Kadr z filmu "Wiera Gran", reż. Maria Zmarz-Koczanowicz
Kolejne trzy polskie produkcje - dokument "Gwiazdy" Adama Palenty, fabuła "Portier z hotelu Mewa" Michała Janowa i animacja "Dróżnik" Piotra Szczepanowicza - biorą udział w międzynarodowym konkursie filmów średniometrażowych.

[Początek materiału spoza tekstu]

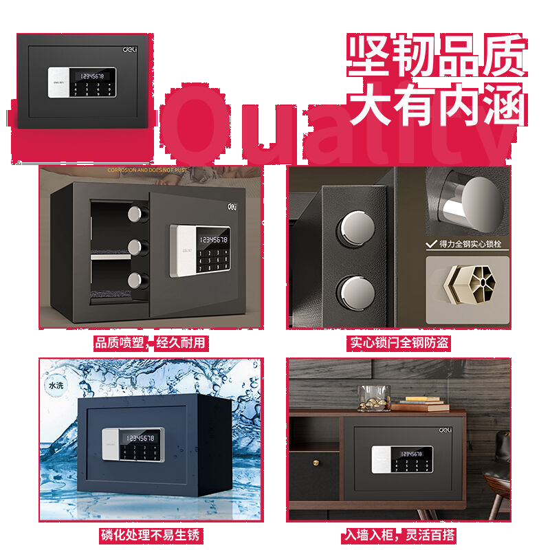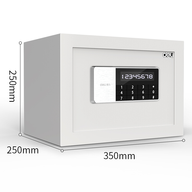 得力(deli)保险柜 高25CM小型入墙密码保管箱 办公家用保险箱 雪域白 锐剑92619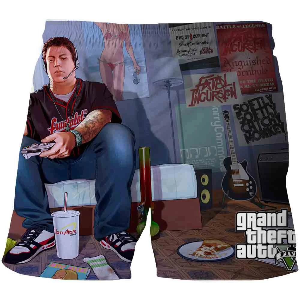 Шорты для мальчиков и девочек с 3D-принтом GTA 5, дышащие пляжные с...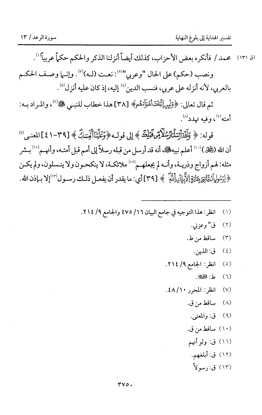 قوله: {وَلَقَدْ أَرْسَلْنَا رُسُلاً مِّن قَبْلِكَ} إلى قوله {وَعَلَيْنَا الحساب} المعنى أن الله ( D) أعلم نبيه A، أنه قد أرسل من قبله رسلاً من قبل أمته، وأنهم بشر مثله: لهم أزواج وذرية، وأنه لم يجعلهم ملائكة، لا ينطحون ولا ينسلون، ولم يكن {لِرَسُولٍ أَن يَأْتِيَ بِآيَةٍ إِلاَّ بِإِذْنِ الله} أي: ما يقدر أن يفعل ذلك رسول إلا بإذن الله.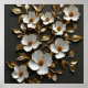 Verziertes Design mit mehreren künstlerischen Blumenelementen. Die Blume sind in Weiß mit goldenen Konturen dargestellt und zeigen aufwändige Details in den Blütenblättern und in den Mittelpunkt.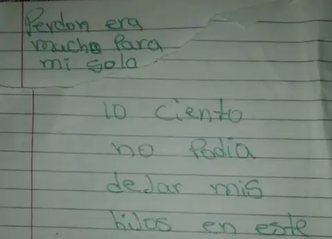 "Perdón, era mucho para mí sola. Lo siento, no podía dejar a mis hijos en este mundo tan cruel", escribió Jiménez Valdez en la misiva encontrada tras el hecho.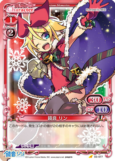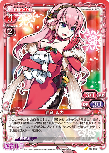 | このカード以外の自分の【サンタ服】を持つキャラが登場した場合、デッキの上のカード2枚を捨て札にすることができる。捨て札にした場合、このターン、自分が次にプレイする【サンタ服】を持つキャラ1枚は、使用コスト-1を得る。 | ||

Długo oczekiwany pełnometrażowy dokument Marii Zmarz-Koczanowicz o życiu przedwojennej gwiazdy piosenki, Wiery Gran, będzie miał swoją premierę podczas 52. Krakowskiego Festiwalu Filmowego (29 maja). Polska piosenkarka żydowskiego pochodzenia, aktorka kabaretowa i filmowa, nazywana Wierą Magnes, miała ponad dwadzieścia lat, gdy stała się gwiazdą warszawskich kabaretów. Podczas okupacji śpiewała piosenki o miłości w Café Sztuka w getcie warszawskim. Powodzenie przyniósł "Jej pierwszy bal" skomponowany przez Władysława Szpilmana. Przeżyła okupację jako jedyna ze swojej rodziny, uciekła z getta w 1942 roku. Wkrótce po zakończeniu wojny Gran została oskarżona o kolaborację, uniewinniona (zarówno przez sąd koleżeński Związku Artystów Scen Polskich, jak i Sąd Obywatelski przy Centralnym Komitecie Żydów Polskich) wyemigrowała do Izraela. Jednak piętno kolaborantki ciążyło na niej przez całe życie, wszędzie gdzie występowała. W Izraelu, w Wenezueli i we Francji, gdzie osiadła na stałe. Wiera Gran w 1980 wydała autobiografię "Sztafeta oszczerców", w której opisuje swoje zmagania z sądami, próbując oczyścić się z oskarżeń. Teraz Maria Zmarz-Koczanowicz, analizując materiały z procesów i śledząc losy artystki, próbuje ustalić, czy Gran była niesłusznie skrzywdzoną pomówieniami kobietą, czy też rzeczywiście dopuściła się zdrady. Scenariusz filmu napisała Agata Tuszyńska, autorka wydanej w 2010 roku książki "Oskarżona: Wiera Gran".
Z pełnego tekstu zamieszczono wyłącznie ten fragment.